May 2010 – June 2013
Laughing Moon’s Dore corset from pattern #100. Sewn as a single layer of coutil with internal bone casings. 11″ busk, size 00 eyelets, 1/4″ boning throughout: a combination of spiral steel, spring steel, and cable ties. Here’s an inside view.
This corset was finished in 2010 but never worn. It was intended as an upgrade to my Victorian undies, but just wasn’t an improvement over the first Dore (see Corset and Undies in the gallery). I rediscovered it three years later, stashed in the corset supplies box, and decided on a whim to see if it could be salvaged.
The corset had been boned like the first Dore – entirely in spring steel – which I removed from all channels except the two that surround the eyelets. Spiral boning was the replacement, and added every 2 – 3″ apart. The casings in-between the spirals were filled with cable ties to keep everything smooth. I left the channel next to the busk empty. The end result: a lighter, more flexible corset which is equally comfortable yet more curvy than Dore version #1. The only other modification was to the center front. It’s cut to mid-bust, which is 3/8″ lower than my original over-bust version.

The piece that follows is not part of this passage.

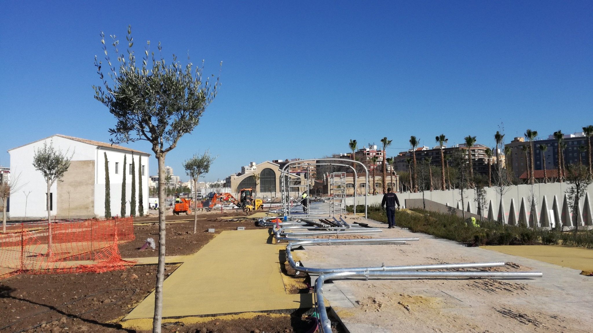 Cada vegada queda menys per a la inauguració del Parc Central de València. Almenys, de la primera fase. Les obres avancen sense parar perquè enguany estiguen accessibles als veïns i visitants tots els espais: el gran jardí, les quatre naus, una pèrgola, un espai de sociabilització de gossos i una altra de jocs infantils, entre altres.
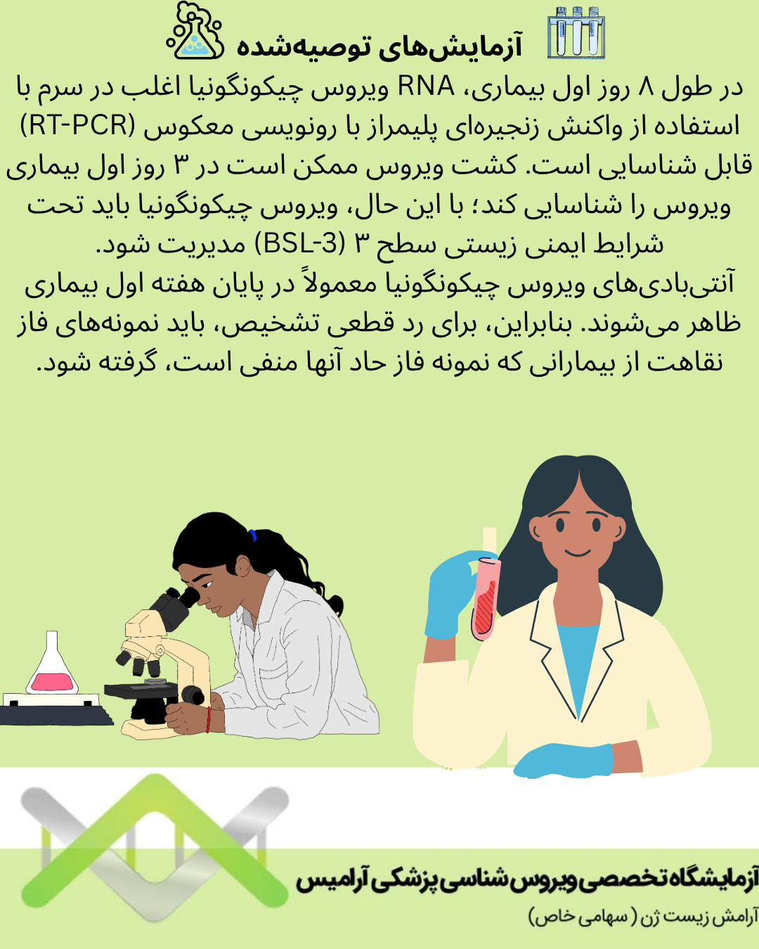 آنتیبادیهای ویروس چیکونگونیا معمولاً در پایان هفته اول بیماری ظاهر میشوند. بنابراین، برای رد قطعی تشخیص، باید نمونههای فاز نقاهت از بیمارانی که نمونه فاز حاد آنها منفی است، گرفته شود.

Dore #1 was lined in cotton and is still going strong with no evidence of wear at the stress points. It’s only been worn a few times a year (and taken on and off for countless fittings). With the bone casings and coutil facings, I expect this new corset to hold up forever. These features do add more bulk along the edges, and the corset is bound in cotton lawn to that end. There is one good thing about an abandoned project: if you leave it long enough, you forget how much work went into it. Finishing it up feels like a walk in the park.